Within the material below, transcribe exactly the lines from the one holding "シックな色合いのご夫婦の寝室" through the one holding "STUBAI Stemmeisen Stechbeitel", keeping both ends and skipping the rest.

DATA SUPPLIED:
:::::
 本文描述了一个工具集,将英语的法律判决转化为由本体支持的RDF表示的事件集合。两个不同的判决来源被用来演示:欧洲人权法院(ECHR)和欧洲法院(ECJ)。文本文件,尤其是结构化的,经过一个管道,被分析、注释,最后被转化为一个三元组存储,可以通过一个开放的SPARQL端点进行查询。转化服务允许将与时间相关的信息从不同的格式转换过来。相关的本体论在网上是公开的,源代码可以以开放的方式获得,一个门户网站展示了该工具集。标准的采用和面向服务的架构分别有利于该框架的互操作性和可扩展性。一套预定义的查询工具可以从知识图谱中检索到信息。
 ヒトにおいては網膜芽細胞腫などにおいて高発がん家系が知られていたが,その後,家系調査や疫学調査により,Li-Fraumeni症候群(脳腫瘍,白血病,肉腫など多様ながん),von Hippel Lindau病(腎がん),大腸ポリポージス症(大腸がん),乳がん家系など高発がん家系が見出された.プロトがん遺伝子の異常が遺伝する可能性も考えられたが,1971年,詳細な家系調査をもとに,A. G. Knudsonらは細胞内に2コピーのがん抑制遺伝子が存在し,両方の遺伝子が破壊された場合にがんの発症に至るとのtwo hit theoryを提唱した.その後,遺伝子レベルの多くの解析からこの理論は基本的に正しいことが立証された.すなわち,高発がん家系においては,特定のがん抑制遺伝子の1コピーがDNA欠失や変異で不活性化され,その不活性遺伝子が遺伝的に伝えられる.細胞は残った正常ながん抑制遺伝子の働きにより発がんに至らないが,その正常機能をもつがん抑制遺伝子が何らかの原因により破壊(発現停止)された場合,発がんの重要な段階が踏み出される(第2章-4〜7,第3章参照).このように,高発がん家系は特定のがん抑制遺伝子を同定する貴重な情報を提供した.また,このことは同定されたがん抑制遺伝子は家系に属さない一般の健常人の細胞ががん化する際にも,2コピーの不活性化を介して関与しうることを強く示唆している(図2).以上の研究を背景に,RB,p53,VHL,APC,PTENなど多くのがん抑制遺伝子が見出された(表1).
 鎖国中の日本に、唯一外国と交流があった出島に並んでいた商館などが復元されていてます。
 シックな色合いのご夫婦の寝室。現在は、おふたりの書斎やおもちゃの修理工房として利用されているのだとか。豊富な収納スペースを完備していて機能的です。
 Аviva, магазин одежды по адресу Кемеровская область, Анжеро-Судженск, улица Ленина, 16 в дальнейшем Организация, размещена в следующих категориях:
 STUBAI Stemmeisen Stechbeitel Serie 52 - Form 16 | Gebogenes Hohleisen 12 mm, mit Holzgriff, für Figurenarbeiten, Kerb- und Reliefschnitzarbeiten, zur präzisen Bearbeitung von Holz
:::::
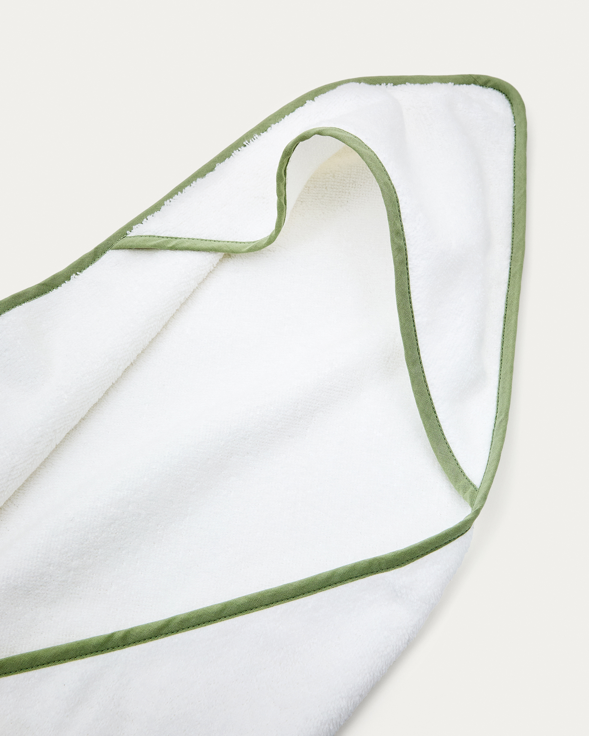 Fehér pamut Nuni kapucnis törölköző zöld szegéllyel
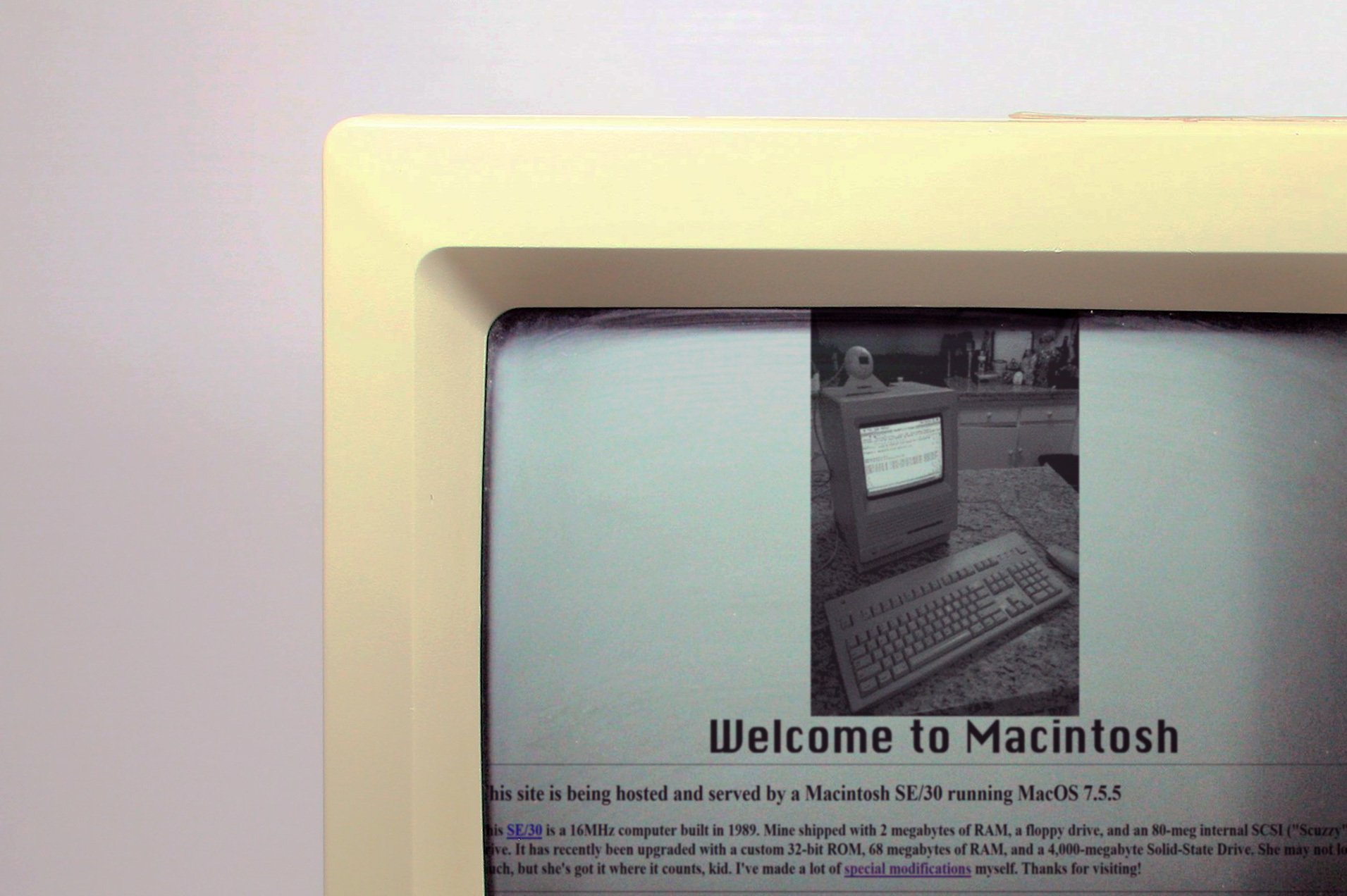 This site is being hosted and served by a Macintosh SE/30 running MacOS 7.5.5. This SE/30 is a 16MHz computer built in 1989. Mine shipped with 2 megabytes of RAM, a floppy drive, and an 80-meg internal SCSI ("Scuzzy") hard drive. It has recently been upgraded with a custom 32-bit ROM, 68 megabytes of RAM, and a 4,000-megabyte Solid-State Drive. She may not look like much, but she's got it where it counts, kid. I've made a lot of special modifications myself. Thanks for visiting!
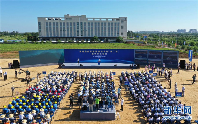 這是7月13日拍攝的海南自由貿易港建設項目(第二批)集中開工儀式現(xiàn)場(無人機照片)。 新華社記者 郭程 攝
:::::
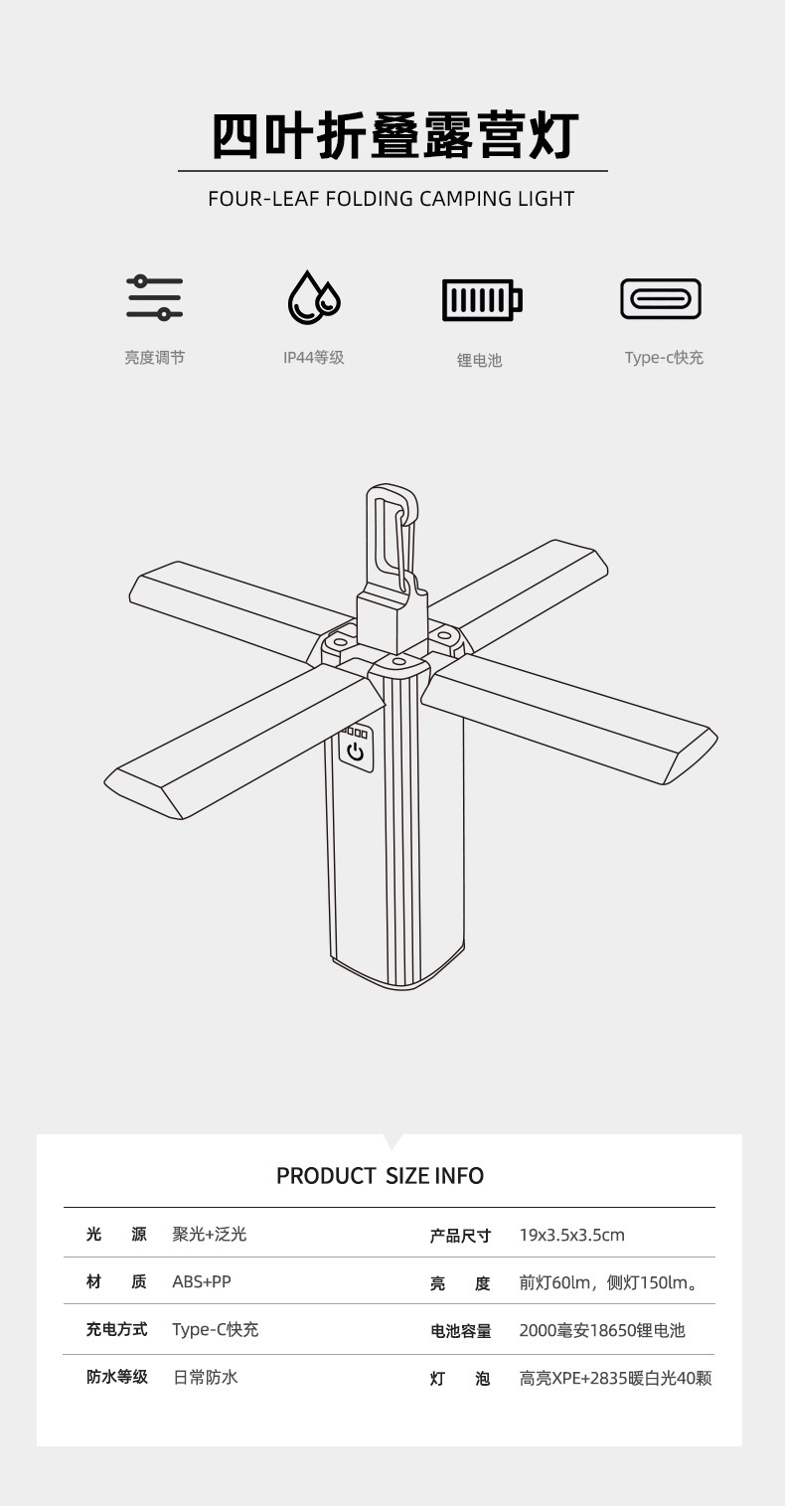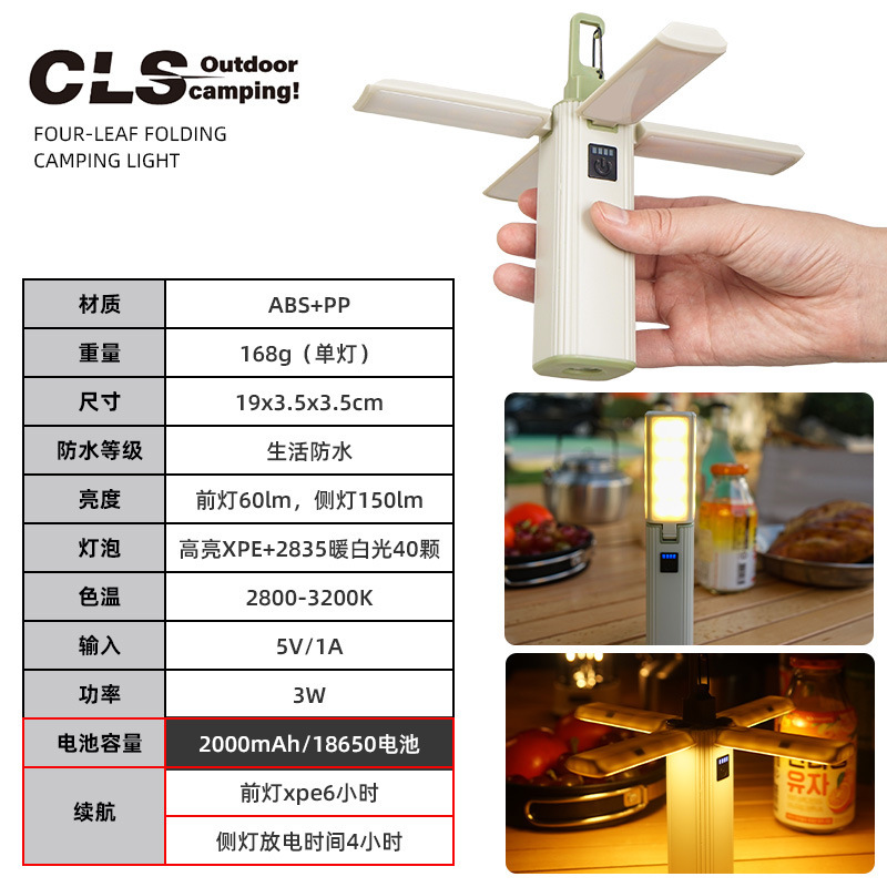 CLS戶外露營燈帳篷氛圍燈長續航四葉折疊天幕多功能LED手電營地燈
:::::
TASK SOLUTION:
 シックな色合いのご夫婦の寝室。現在は、おふたりの書斎やおもちゃの修理工房として利用されているのだとか。豊富な収納スペースを完備していて機能的です。
 Аviva, магазин одежды по адресу Кемеровская область, Анжеро-Судженск, улица Ленина, 16 в дальнейшем Организация, размещена в следующих категориях:
 STUBAI Stemmeisen Stechbeitel Serie 52 - Form 16 | Gebogenes Hohleisen 12 mm, mit Holzgriff, für Figurenarbeiten, Kerb- und Reliefschnitzarbeiten, zur präzisen Bearbeitung von Holz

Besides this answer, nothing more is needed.